* _PROBLEM TO SOLVE_
Give the number of lines in the data that contain the word "Heaven"; no other text is needed.
START EXERCISE MATERIAL
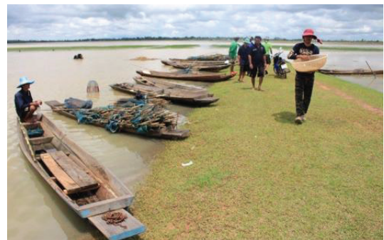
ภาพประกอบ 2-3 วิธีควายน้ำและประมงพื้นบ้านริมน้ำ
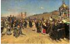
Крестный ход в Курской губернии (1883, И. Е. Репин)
END EXERCISE MATERIAL
START EXERCISE MATERIAL
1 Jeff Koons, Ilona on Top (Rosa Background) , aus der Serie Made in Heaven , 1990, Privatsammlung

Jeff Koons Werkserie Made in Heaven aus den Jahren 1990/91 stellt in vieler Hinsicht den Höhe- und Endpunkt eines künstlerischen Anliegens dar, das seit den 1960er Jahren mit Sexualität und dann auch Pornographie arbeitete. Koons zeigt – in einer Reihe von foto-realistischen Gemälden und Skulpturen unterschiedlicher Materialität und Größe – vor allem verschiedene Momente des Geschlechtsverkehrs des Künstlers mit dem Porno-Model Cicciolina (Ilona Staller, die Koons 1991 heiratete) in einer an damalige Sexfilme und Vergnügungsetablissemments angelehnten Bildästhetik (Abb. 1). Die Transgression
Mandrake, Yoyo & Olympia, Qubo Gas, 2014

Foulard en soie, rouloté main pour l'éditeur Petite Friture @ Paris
END EXERCISE MATERIAL
* _ANSWER FOR THE TASK_
2